$\gdef\leq{\leqslant}$ $\gdef\geq{\geqslant}$ $\gdef\lrb#1{\lbrace#1\rbrace}$ $\gdef\norm#1{\Vert#1\Vert}$ $\gdef\F{\mathcal{F}}$ $\gdef\T{\mathcal{T}}$ $\gdef\intrn{\int_{\R^n}}$ $\gdef\ip{2\pi i}$ $\gdef\qed{~\tag*{\Large□}}$ $\gdef\LL{L^1\cap L^2}$
注意$\LL(\R^n)$在$L^2(\R^n)$中稠密($C_c^\infty(\R^n)\subset \LL(\R^n),~C^\infty_c(\R^n)\hookrightarrow L^2(\R^n)$).$\forall f\in \LL(\R^n)$,定义$(\F f)(\xi)=\hat{f}(\xi)=\intrn f(x)e^{-\ip x\xi}dx~(\forall\xi\in\R^n)$.
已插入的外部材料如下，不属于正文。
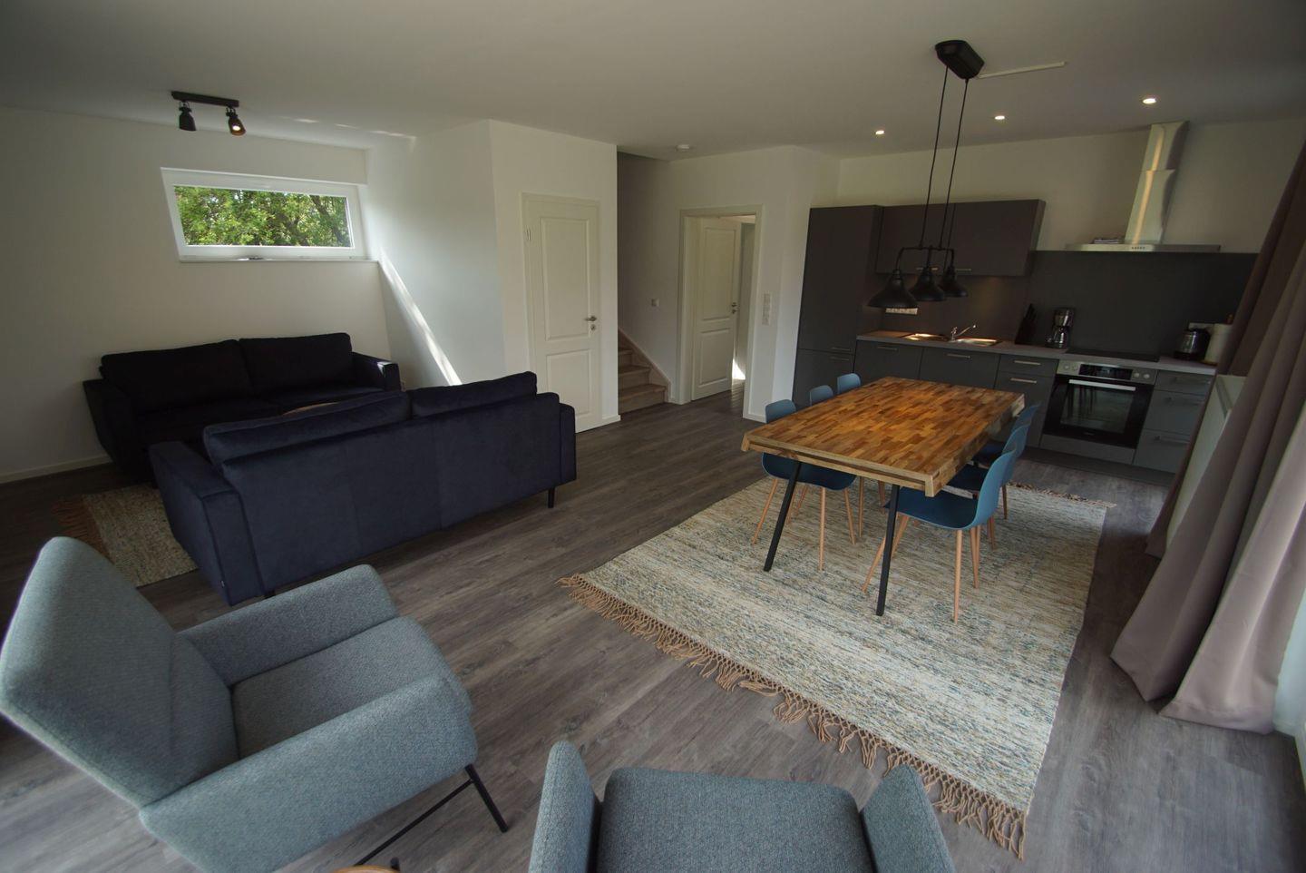 Das Wohnzimmer lädt zum Entspannen ein. Nehmen Sie auf dem bequemen Sofa Platz und genießen Sie einen Film oder Ihre Lieblingsserie auf dem Flachbildfernseher.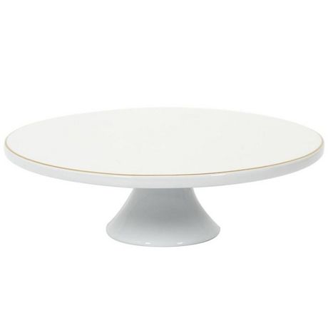 Informations Techniques : Dimensions : D. 31 x H. 10 cm Matières : Céramique & Porcelaine Spécificités : Chic & Élégant Support à Gâteau Design Liseré Doré Forme Ronde Facile d'Utilisation Poids : 1,887 kg Couleur : Blanc & Or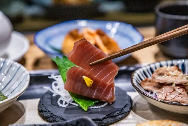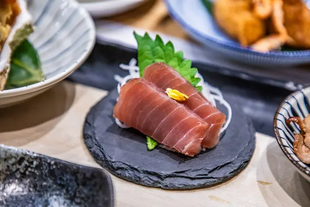 東港黃鰭鮪魚赤身,是用紅肉的部位,肉澤鮮紅含脂量少,口感軟中帶Q,加上一點嘉義特產阿里山山葵,微微辛辣感更帶出鮪魚的甜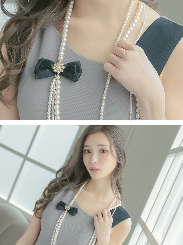 ドレス姿をさらに可愛く華やかに格上げ♪ リボンビジュー付きパールロング3連ネックレス

引理 假设$f\in L^1(\R^n),\hat f\geq0$. 若$f$在零点连续,则$f(0)=\intrn \hat{f}(\xi)d\xi$,并且$\hat{f}(\xi)\in L^1(\R^n)$,$f(x)=\intrn e^{\ip x\xi}\hat{f}(\xi)d\xi=(\hat{f}\check)(x)~a.e.~x\in\R^n$.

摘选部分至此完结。